**Task to carry out:** Reproduce exactly the lines of this material that begin at the line with "裏地=ポリエステル100%(不織布) ヘリ=ポリエステル100% |" and end at the line with "- Bvlgari extra-small", both included. Omit the pictures and everything else.

**Extracted entries:**
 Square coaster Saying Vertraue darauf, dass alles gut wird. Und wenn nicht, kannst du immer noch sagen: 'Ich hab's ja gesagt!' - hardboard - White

--

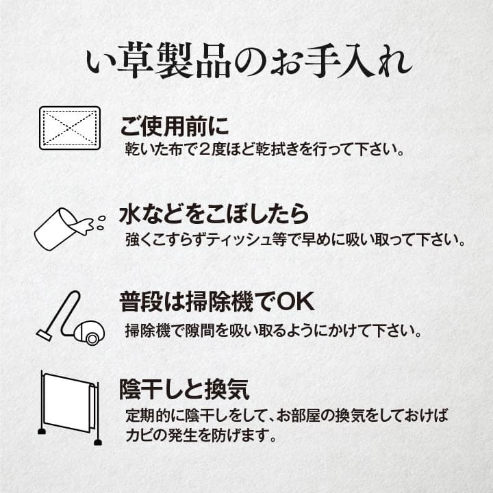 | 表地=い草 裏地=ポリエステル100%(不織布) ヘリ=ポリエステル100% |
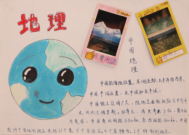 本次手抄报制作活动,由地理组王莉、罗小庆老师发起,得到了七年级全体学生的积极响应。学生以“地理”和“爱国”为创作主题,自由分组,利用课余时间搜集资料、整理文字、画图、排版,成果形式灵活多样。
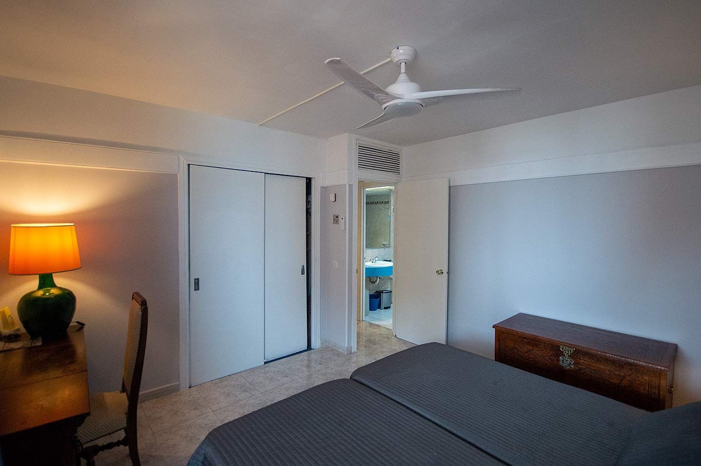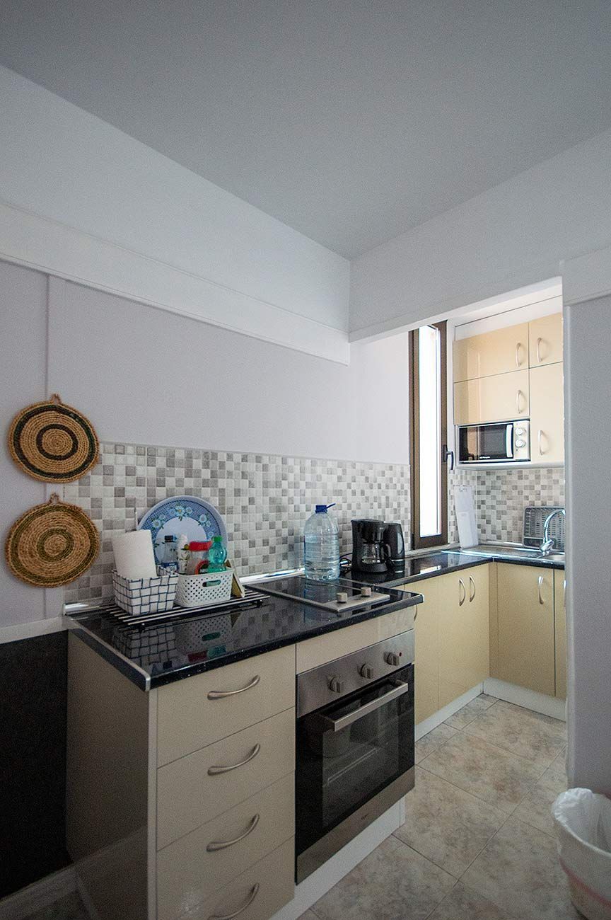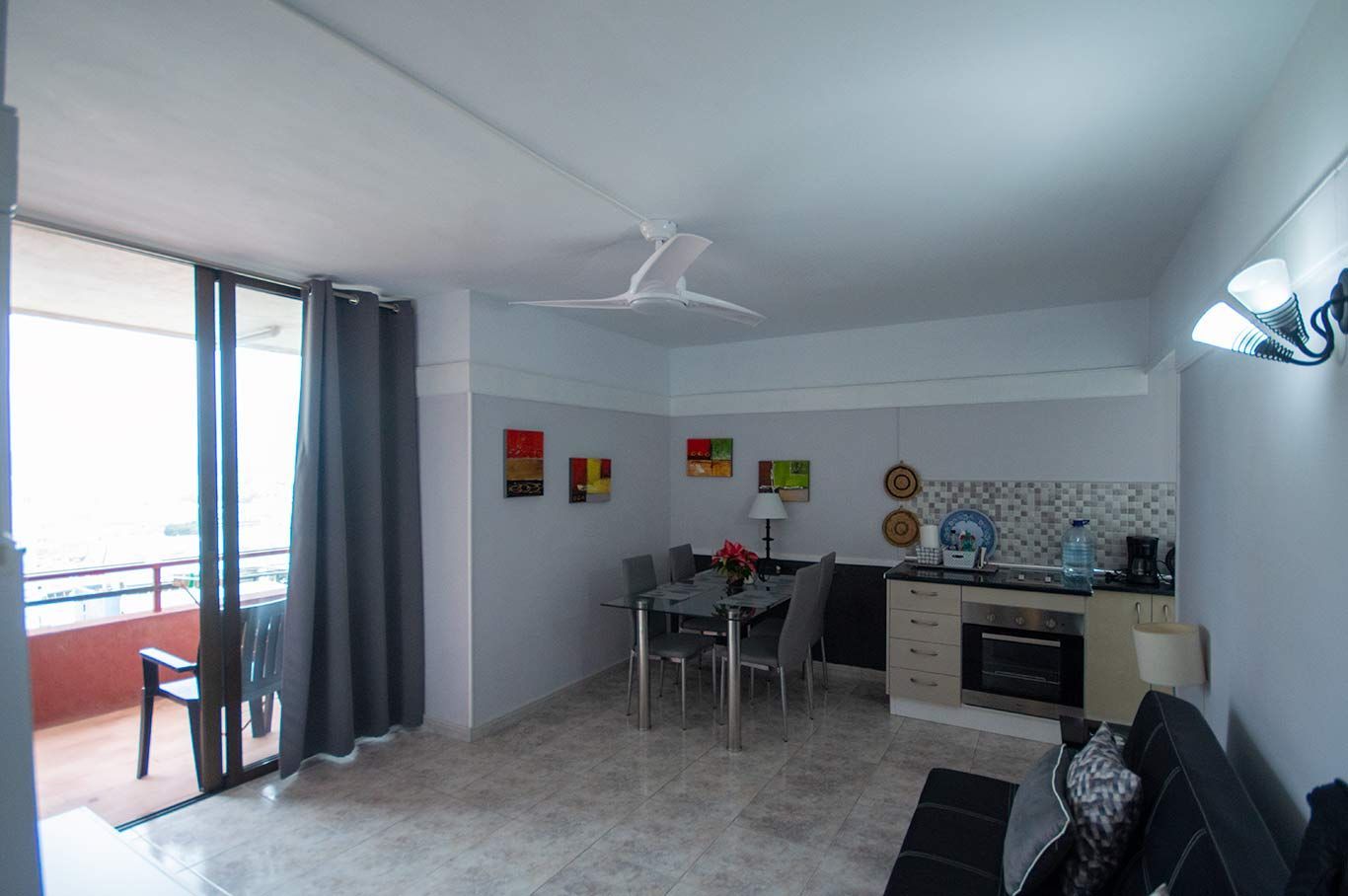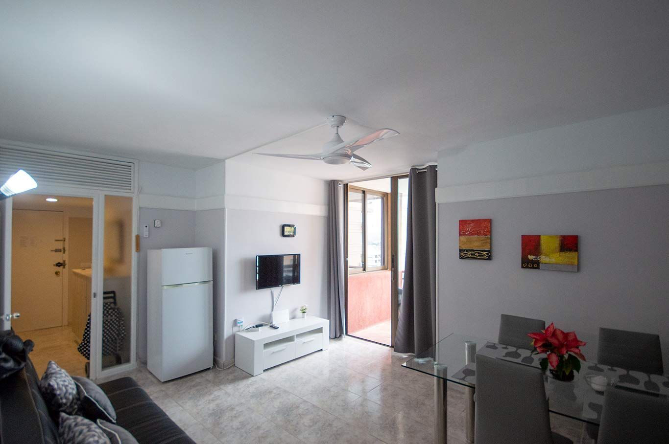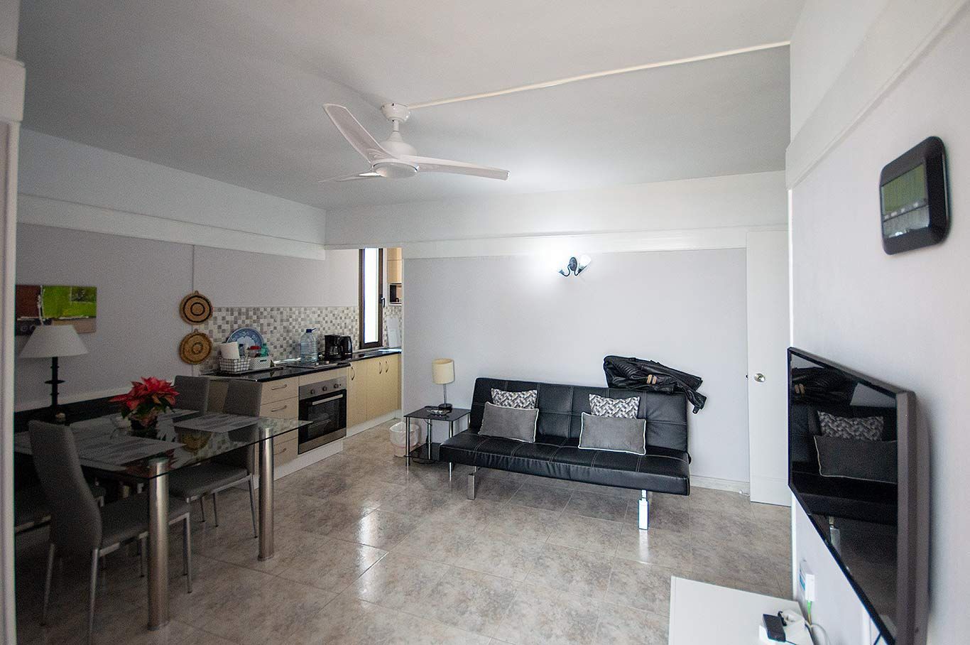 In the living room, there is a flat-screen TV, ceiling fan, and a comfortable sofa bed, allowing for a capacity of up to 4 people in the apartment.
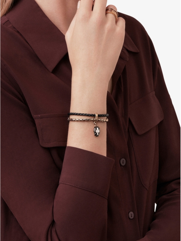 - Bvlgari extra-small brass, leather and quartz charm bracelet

**Solution to the problem:**
 | 表地=い草 裏地=ポリエステル100%(不織布) ヘリ=ポリエステル100% |
 本次手抄报制作活动,由地理组王莉、罗小庆老师发起,得到了七年级全体学生的积极响应。学生以“地理”和“爱国”为创作主题,自由分组,利用课余时间搜集资料、整理文字、画图、排版,成果形式灵活多样。
 In the living room, there is a flat-screen TV, ceiling fan, and a comfortable sofa bed, allowing for a capacity of up to 4 people in the apartment.
 - Bvlgari extra-small brass, leather and quartz charm bracelet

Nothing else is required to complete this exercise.